Legion Runtime Performance Flags
The Legion runtime itself also provides command-line flags for
controlling the execution of its out-of-order task processor. Not
surprisingly many of these flags are related to parameters which
are tuned by hardware architects in out-of-order processors. Since
Legion is built in software though, users have the direct ability
to tune these parameters to their particular application. In keeping
with the naming scheme used above, all Legion runtime flags
are prefixed by
-lg:window- Specify the maximum number of operations that can be outstanding in a given task context (e.g. how many sub-tasks and operations can a task issue) before the task is stalled. This upper bound provides one way of applying back pressure on long running tasks and prevent them from running too far in advance. In many ways this value is analogous to the size of a re-order buffer (ROB) in hardware processors. The default value is 1024.
-lg:sched- Set the maximum number of ready tasks which must be available to run on a low-level processor before the high-level runtime stops invoking the mapper to schedule more tasks. This controls how far in advance tasks are scheduled onto a processor. Note by Little’s Law, more tasks must be mapped to a processor if the tasks require longer to map. In many ways this value is analogous to the number of entries available at reservation stations for hardware resource units. The default value is 1.
-lg:width- Indicate the number of operations which the high-level runtime should consider when making a scheduling pass. The wider this is, the more operations will be touched in a scheduling pass. This can increase throughput, but also increase latency of scheduling on processors. This value is analogous to the super-scalar width of modern processors. The default value is 4.

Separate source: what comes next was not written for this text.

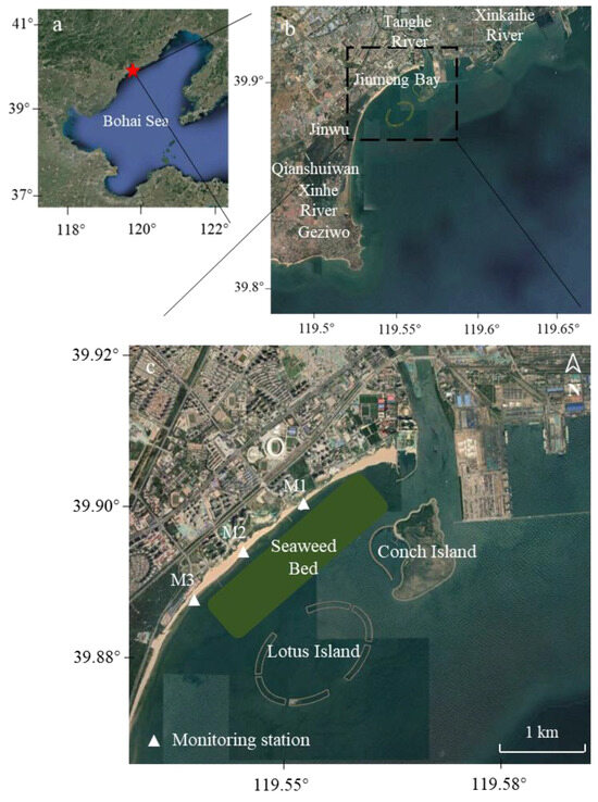 Jinmeng Bay, surrounded by multiple artificial structures, is an anthropogenically influenced bay in the Bohai Sea, China (Figure 1). Lotus Island, submerged breakwaters, and Conch Island have been successively built since 2011. The currents in the nearshore waters were obviously weakened by the artificial structures (~0.3 m/s), with an average water exchange period of 22 days. Jinmeng Bay is mainly dominated by a regular diurnal tide while the tidal currents are regular semi-diurnal type. The bay is relatively shallow (water depth < 13 m) and the turbidity in the southeast of Lotus Island is about 13.5 NTU. The sea surface temperature remained suitable (12–26 °C) from April to September for the green tides, which is a principal factor influencing species succession in Jinmeng Bay. The dominant species are Ulva pertusa, Bryopsis plumosa, and Ulva prolifera, in turn, during the process of blooms. Enormous macroalgae accumulated in the nearshore waters of Jinmeng Bay, and some macroalgae migrated southwestward along the coastline and affected other bathing beaches, including Jinwu, Qianshuiwan, and Geziwo.

-lg:message- Specify the maximum size of messages in bytes that can be sent between two instances of the high-level runtime. Smaller message sizes can decrease the latency of communication by pipelining communication, but can achieve lower interconnect bandwidth. Larger messages can achieve higher bandwidth, but at the cost of higher latency. The default value is 4096 bytes to ensure reasonable latency and bandwidth by ensuring medium size GASNet active messages are used on both Infiniband and Cray GASNet conduits.
-lg:filter- This flag is more subtle and we only encourage users to make use of it after gaining some understanding of how the Legion runtime operates. In some application, there are many live operations that are non-interfering in different ways simultaneously. Since most non-interference tests end up failing, there is significant amounts of runtime analysis that is not useful. To help reduce this overhead, users can request that the list of users of physical instances be trimmed to some maximum size, possible in a way that reduces the precision of runtime analysis but not in a way that is unsound. By default this setting is disabled with the value 0. Reasonable values are usually in the range of 128 to 4096.